Тяжелая неуклюжая баржа отделилась от берега и поплыла меж кустов тальника, и только по тому, что тальник медленно уходил назад, заметно было, что она не стояла на одном месте, а двигалась. Перевозчики мерно, враз, взмахивали веслами; Толковый лежал животом на руле и, описывая в воздухе дугу, летал с одного борта на другой (8: 48).

Описание — целиком в границах жизнеподобия. Чехов, однако, не останавливается здесь и, не переводя дыхания, завершает абзац еще одним предложением, в котором это описание обретает сновидческое измерение: «Было в потемках похоже на то, как будто люди сидели на каком-то допотопном животном с длинными лапами и уплывали на нем в холодную унылую страну, ту самую, которая иногда снится во время кошмара» (Там же).

Первоначальное описание фабричных корпусов и бараков из рассказа «Случай из практики» (1898) также безупречно с точки зрения жизнеподобия и как будто не содержит фантастического элемента: «По случаю праздника не работали, было в окнах темно, и только в одном из корпусов горела еще печь, два окна были багровы, и из трубы вместе с дымом изредка выходил огонь» (10: 80). Однако, следуя за мыслями главного героя, читатель становится свидетелем внезапной метаморфозы:

Послышалось около третьего корпуса: «жак... жак... жак...» И так около всех корпусов и потом за бараками и за воротами. И похоже было, как будто среди ночной тишины издавало эти звуки само чудовище с багровыми глазами, сам дьявол, который владел тут и хозяевами, и рабочими, и обманывал и тех и других (10: 81).

На месте «багровых окон» оказывается «чудовище с багровыми глазами». Двойственность сохраняется и при последующем развитии этого образа: «И он думал о дьяволе, в которого не верил, и оглядывался на два окна, в которых светился огонь. Ему казалось, что этими багровыми глазами смотрел на него сам дьявол...» (10: 81—82).

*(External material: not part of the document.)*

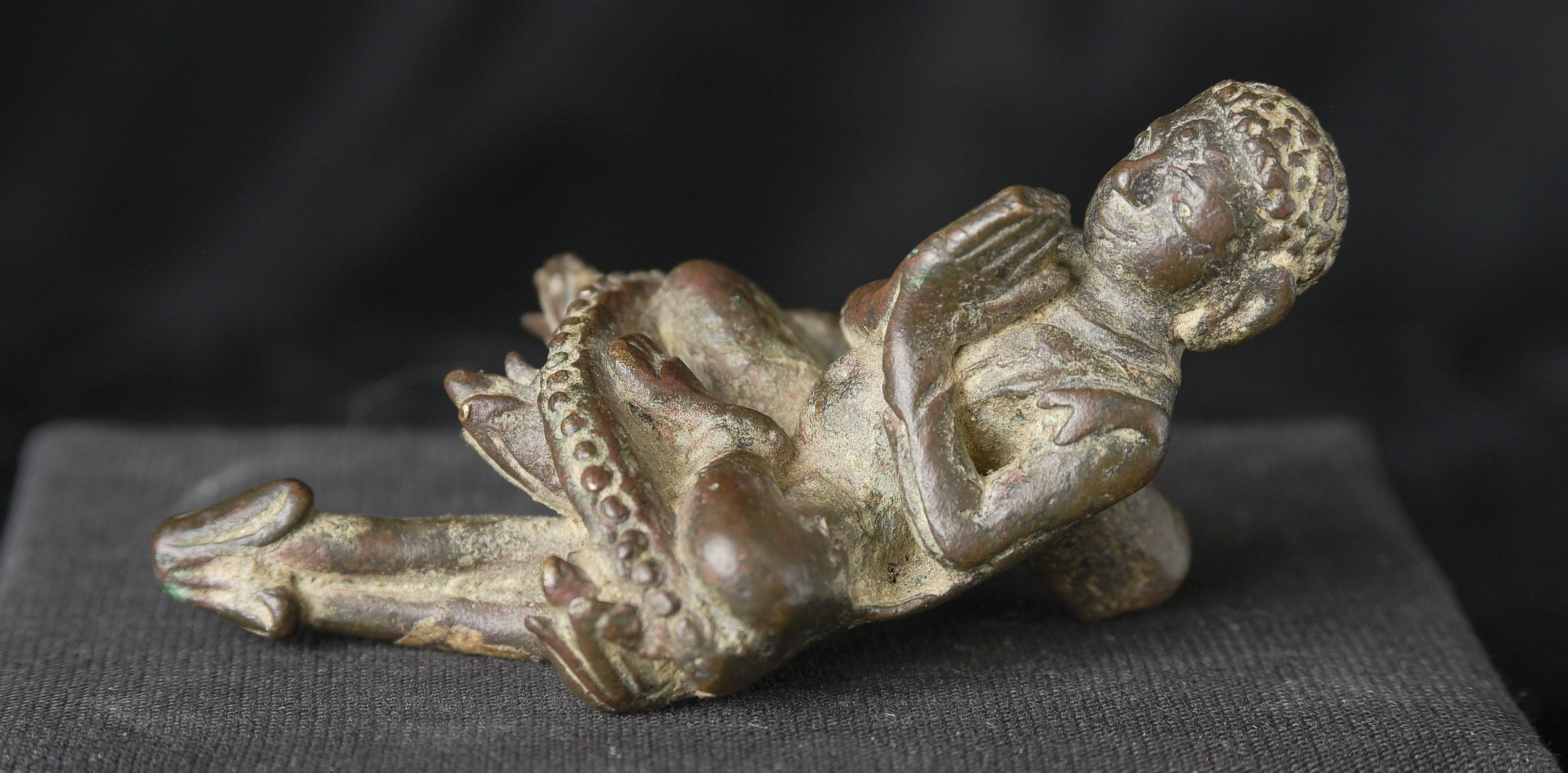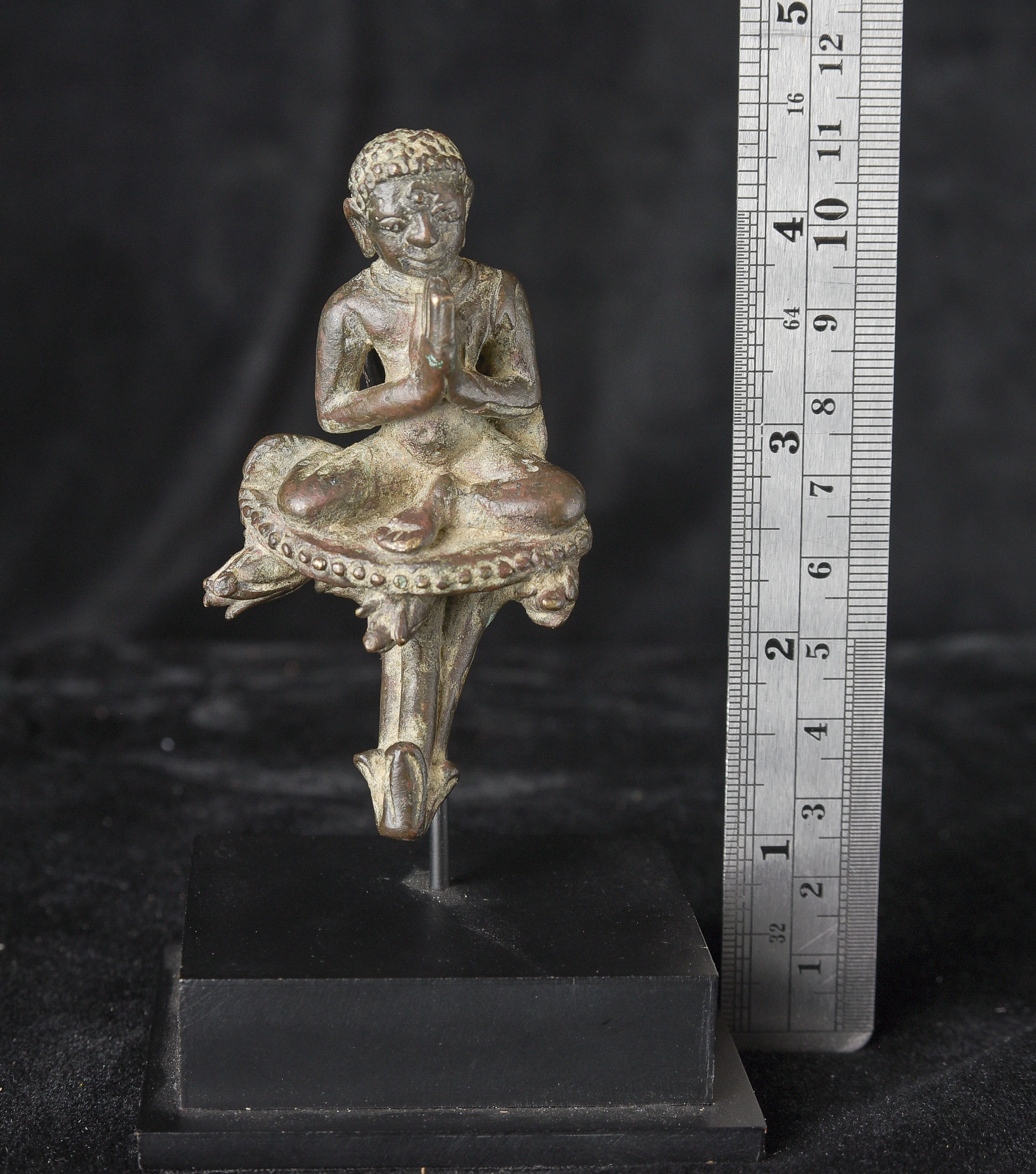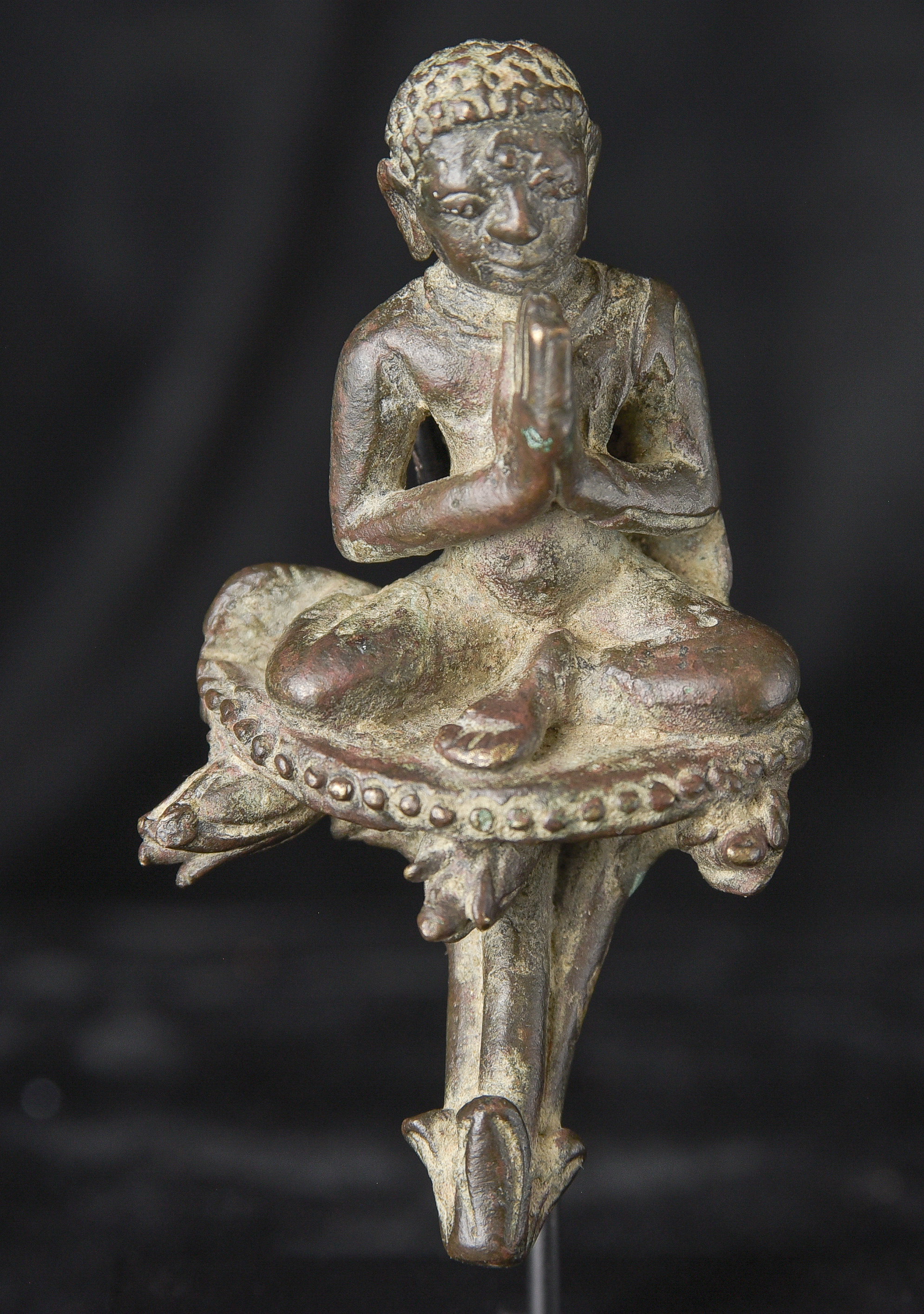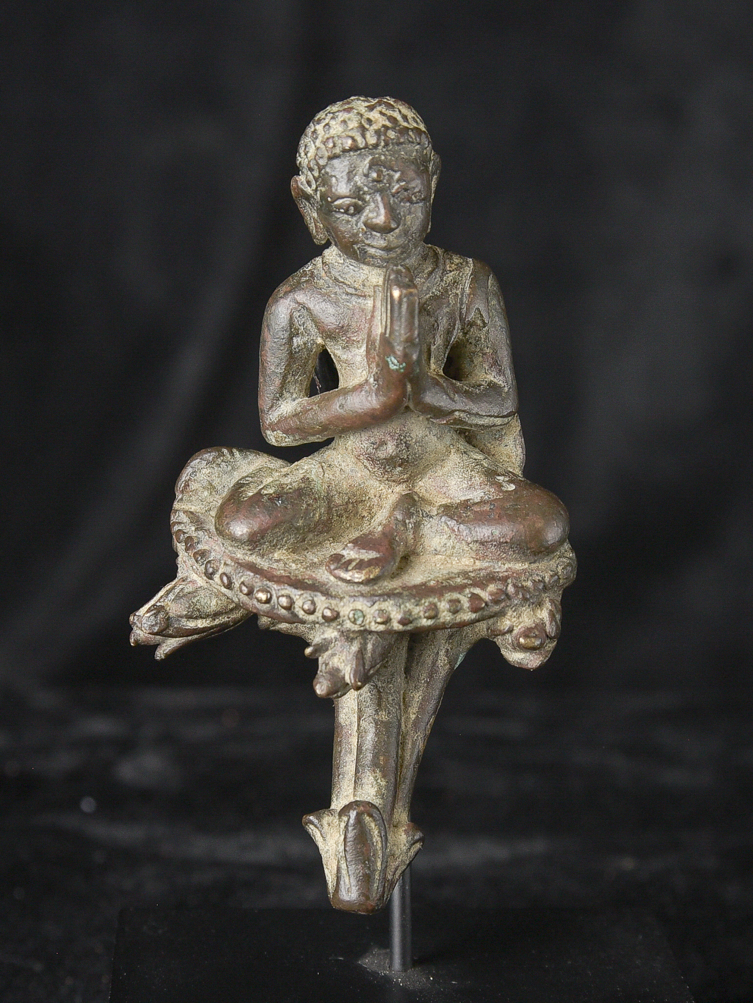 Delightful Burmese solid-cast monk is likely late Pyu/Pre Pagan , and from the ninth 10th century. Very rare example. It has an especially pleasing countenance and overall presence. While small, with its beautiful face and true charisma, it feels much larger than it actually is. I’ve never had another piece like it. ( 3.25"H x 1.75"W x 1.5"D ) - 190g.

Вот почему такой неслучайной, уводящей в глубины чеховского мира, представляется запись о видениях, которые посещают «самое жизнь»: «Зачем Гамлету было хлопотать о видениях после смерти, когда самое жизнь посещают видения пострашнее?!» (Записные книжки; 17: 152)2. Принять ее, однако, следует с одним уточнением: эти видения не обязательно являются «страшными». Здесь уместно еще раз процитировать записные книжки: «Мне хочется, чтобы на том свете я мог думать про эту жизнь так: то были прекрасные видения» (17: 102). Вспомним хотя бы «стадо оленей, необыкновенно красивых и грациозных», пробегающих «мимо» Рагина за мгновение до его смерти и как бы разрывающих замкнутое пространство палаты № 6 (8: 126). Или — не менее известный пример — реплика Раневской из «Вишневого сада»: «Посмотрите, покойная мама идет по саду... в белом платье! (Смеется от радости.) Это она» (13: 210). Как всегда у Чехова, таинственное укоренено в реальном: «Направо, на повороте к беседке, белое дерево склонилось, похоже на женщину». Без «белого дерева» не ожил бы образ мамы. Но верно и обратное: память о маме трансформирует образ белого дерева и выявляет его «женственность». Сновидческое и реальное, таинственное и обыденное не просто связаны «непрерывною цепью»: они постоянно отсвечивают друг другом.

Примечания

1. Можно понять раздражение Н.К. Михайловского, утверждавшего, в том числе и в связи с этим рассказом: «...г-ну Чехову все едино: что человек, что его тень, что колокольчик, что самоубийца» [Михайловский 2002: 84].

2. Подробнее об этой записи и ее отражении в творчестве Чехова см. [Паперный 1976: 361—368].